Updated on 2024-10-25 GMT+08:00

Compressing Hive ORC Tables Using ZSTD_JNI

Scenario

ZSTD_JNI is a native implementation of the ZSTD compression algorithm. Compared with ZSTD, ZSTD_JNI has higher compression read/write efficiency and compression ratio, and allows you to specify the compression level as well as the compression mode for data columns in a specific format.

Currently, only ORC tables can be compressed using ASTD_JNI. By contrast, ZSTD enables you to compress tables in the full storage format. Therefore, you are advised to use this feature only when you have high requirements on data compression.

This section applies only to MRS 3.2.0 or later.

Example

  1. Log in to the node where the client is installed as the Hive client installation user.
  2. Run the following command to switch to the client installation directory, for example, /opt/client:

    cd /opt/client

  3. Run the following command to configure environment variables:

    source bigdata_env

  4. Check whether the cluster authentication mode is in security mode.

    • If yes, run the following command to perform user authentication and then go to 5.

      kinit Hive service user

    • If no, go to 5.

  5. Run the following command to log in to the Hive client:

    beeline

  6. Create a table in ZSTD_JNI compression format as follows:

    • Run the following example command to set the orc.compress parameter to ZSTD_JNI when using this compression algorithm to create an ORC table:

      create table tab_1(...) stored as orc TBLPROPERTIES("orc.compress"="ZSTD_JNI");

    • The compression level of ZSTD_JNI ranges from 1 to 19. A larger value indicates a higher compression ratio but a slower read/write speed. A smaller value indicates a lower compression ratio but a faster compression speed compared with read/write speed and the other way around. The default value is 6. You can set the compression level through the orc.global.compress.level parameter, as shown in the follows.

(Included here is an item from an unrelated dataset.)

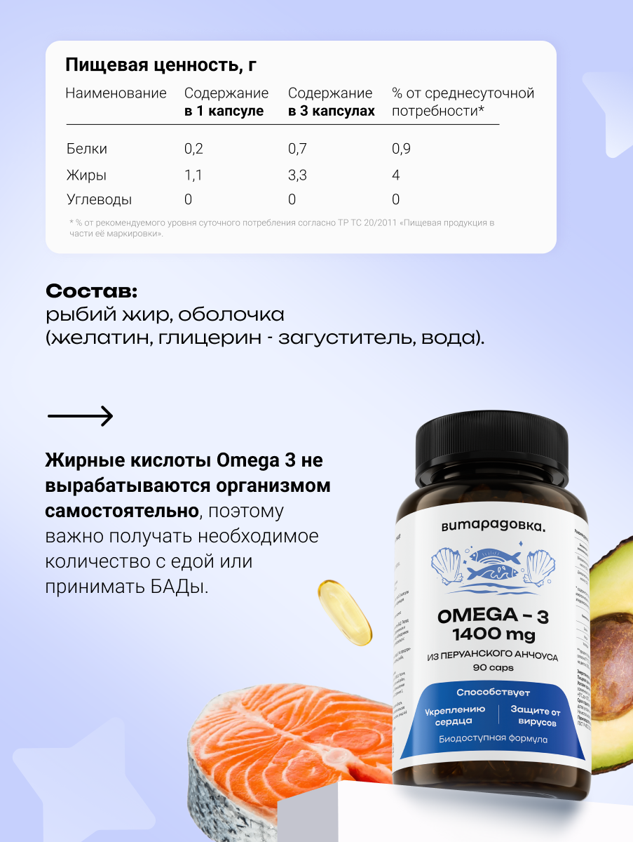 Витамин омега-3 в капсулах — это удобная форма приема полиненасыщенных жирных кислот, которые играют важную роль в поддержании здоровья организма.

      create table tab_1(...) stored as orc TBLPROPERTIES("orc.compress"="ZSTD_JNI", 'orc.global.compress.level'='3');

    • This compression algorithm allows you to compress service data and columns in a specific data format. Currently, data in the following formats is supported: JSON data columns, Base64 data columns, timestamp data columns, and UUID data columns. You can achieve this function by setting the orc.column.compress parameter during table creation.

      The following example code shows how to use ZSTD_JNI to compress data in the JSON, Base64, timestamp, and UUID formats.

      create table test_orc_zstd_jni(f1 int, f2 string, f3 string, f4 string, f5 string) stored as orc

      TBLPROPERTIES('orc.compress'='ZSTD_JNI', 'orc.column.compress'='[{"type":"cjson","columns":"f2"},{"type":"base64","columns":"f3"},{"type ":"gorilla","columns":{"format": "yyyy-MM-dd HH:mm:ss.SSS", "columns": "f4"}},{"type":"uuid","columns":"f5"}]');

      You can insert data in the corresponding format based on the site requirements to further compress the data.